Warum ich heute zu Biskupek gehe*
Würde Matthias Biskupek nicht aus dem Buch lesen, aus dem er heute liest, wäre ich vielleicht gar nicht auf die Idee gekommen, vorher zu schreiben, was ich hinterher nur noch schwerlich schreiben könnte.
ARNSTADT. Nun liest er aber heute aus einem Buch mit dem Titel: Was heißt eigentlich „DDR“? Böhmische Dörfer in Deutsch und Geschichte, es ist ein Buch, das der Berliner Eulenspiegel-Verlag herausgebracht hat. Dem ist Biskupek schon lange treu und der ihm umgekehrt auch. Da das Buch, wie ich der Verlagswerbung entnehme, sich deutsch-deutschen Fremdwörtern zuwendet, hole ich mal eins aus der Kiste, das mich mit Matthias Biskupek verbindet. Es heißt „Poetenseminar“. Das war eine Veranstaltung, die der Zentralrat der FDJ 1970 aus der Taufe hob. Ich war als aufstrebender junger Lyriker eingeladen und bin, potzblitz, nicht hingefahren, weil ich lieber nach Ungarn wollte in diesem schönen Sommer. Gleich die erste minimale Chance, in die DDR-Literaturgeschichte einzugehen, habe ich mir somit selbst verbaut.
Erst 1974 war ich dann wirklich in Schwerin und 1975 noch einmal. Und aus dem 75er Seminar gibt es ein miserabel gerastertes Foto aus einer sehr viel gelesenen Tageszeitung namens „Junge Welt“, das war das Zentralorgan des Zentralrats der FDJ. Auf diesem Foto sieht man vorn, wenn man sich Mühe gibt, die schwarze Fläche zu entschlüsseln, sehr lange Haare. Das waren meine. Und links sieht man einen Menschen, der aussieht wie Matthias Biskupek. Warum er so aussieht, ist einfach erklärt: Es ist Matthias Biskupek. Er saß wie ich auch in dem Seminar, das der Geraer Schriftsteller Martin Viertel leitete. Der war damals wegen seines später verfilmten Romans „Sankt Urban“ sehr berühmt.
Biskupek und ich waren 1975 Menschen, die sich fast auf Anhieb verstanden. Wir hatten beide ein Faible für Günter Kunert, der im kommenden Jahr auch schon 75 wird. Und wir fanden jeder gut, was der andere schrieb.
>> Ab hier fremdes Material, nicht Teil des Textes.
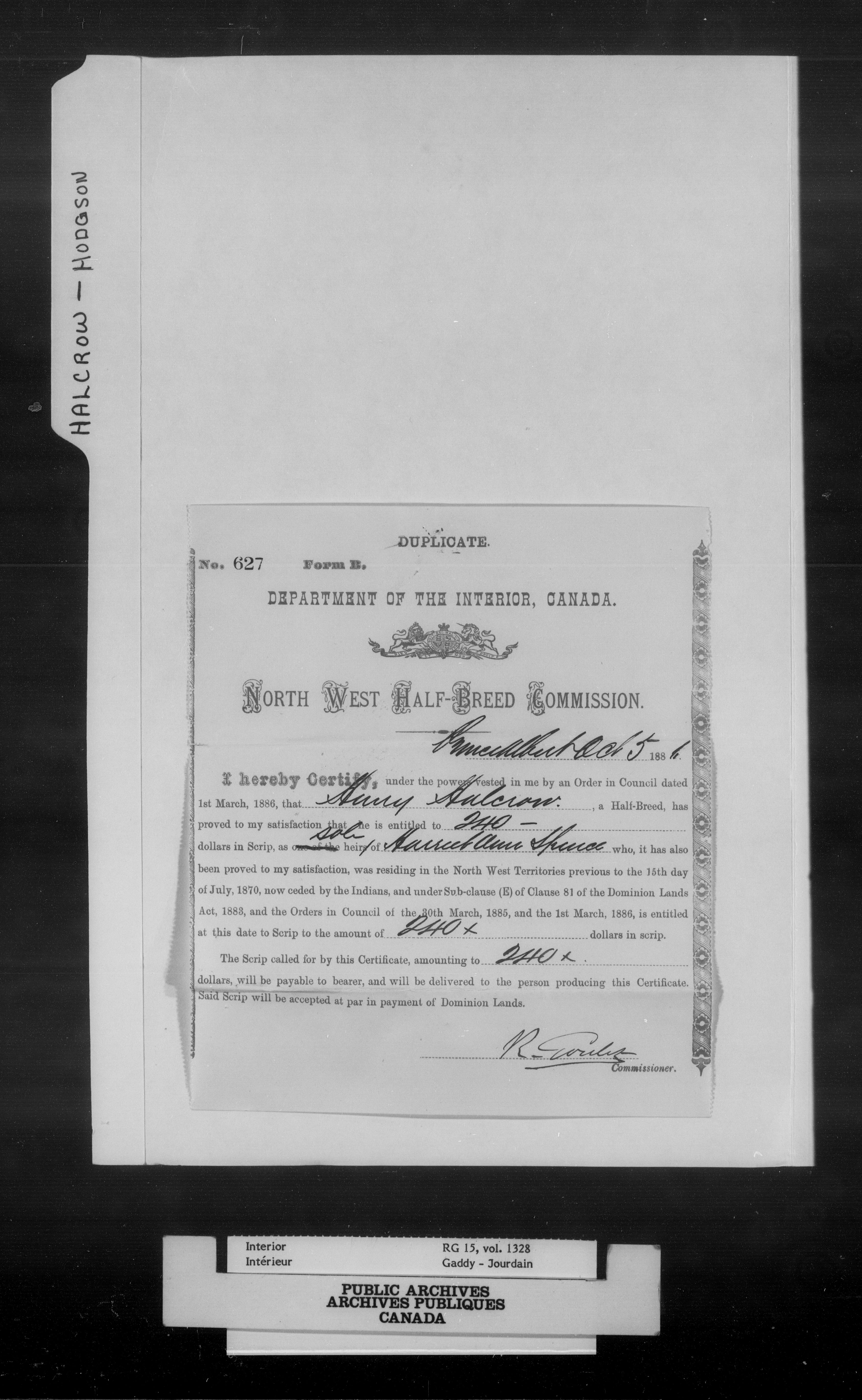 Department of the Interior, Dominion Lands Branch : North-West Territories Métis scrip applications : C-14939

Das ist eine gute Voraussetzung für allerlei. Biskupek hat sein Talent genutzt und ist ein richtiger Schriftsteller geworden. Ich habe mein Talent auch genutzt und bin kein Schriftsteller geworden. Ich habe freilich eine Zahl von Biskupeks Büchern in verschiedenen Zeitungen der DDR, als es die noch gab, besprochen. Ich habe sie, wenn ich mich recht erinnere, immer gelobt. Nicht, weil der Biskupek damals neben mir gesessen hat. Sondern weil ich immer noch gut fand, was er schrieb.
Er fand übrigens auch nicht schlecht, was sich schrieb, wenn ich etwas schrieb. Und so wurde, als die DDR gerade am Untergehen war, ohne uns zuvor Bescheid zu geben, wann und wie das genau geschehen würde, der Plan für ein gemeinsames Buch geboren. Das war schon richtig geregelt mit Verlag und so. Wir hätten uns gegenseitig Briefe geschrieben, in denen wir uns Bälle zuspielen wollten. Ich war mittlerweile im Begriff, freiberuflicher Literaturkritiker zu werden, als solcher hatte ich mir in tiefer Ahnungslosigkeit den ersten September 1989 als ersten „freien“ Tag gewählt.
Der Rest ist bekannt. Die alten DDR-Verlage kündigten ihre Verträge mit aufstrebenden nachwachsenden DDR-Autoren fast so schnell wie ich heute mit der Fernbedienung bin, wenn Guido Westerwelle auf dem Bildschirm erscheint. Biskupek schreibt immer noch Bücher und pendelt zwischen Rudolstadt und Berlin hin und her. Ich lese manchmal Bücher und ich werde wohl auch dieses neue von ihm lesen, falls er es mir schenkt.
Heute gehe ich auf alle Fälle erst einmal in die Bibliothek, die meine nicht mit mir verwandte Namensvetterin Ursula Ullrich leitet. Vielleicht erklärt der Biskupek ja neben „Frösi“ und „Mosa“ auch das Wort „Poetenseminar“. Das kennt man im Westen sicher nicht. Um 19 Uhr geht es los im „Prinzenhof“.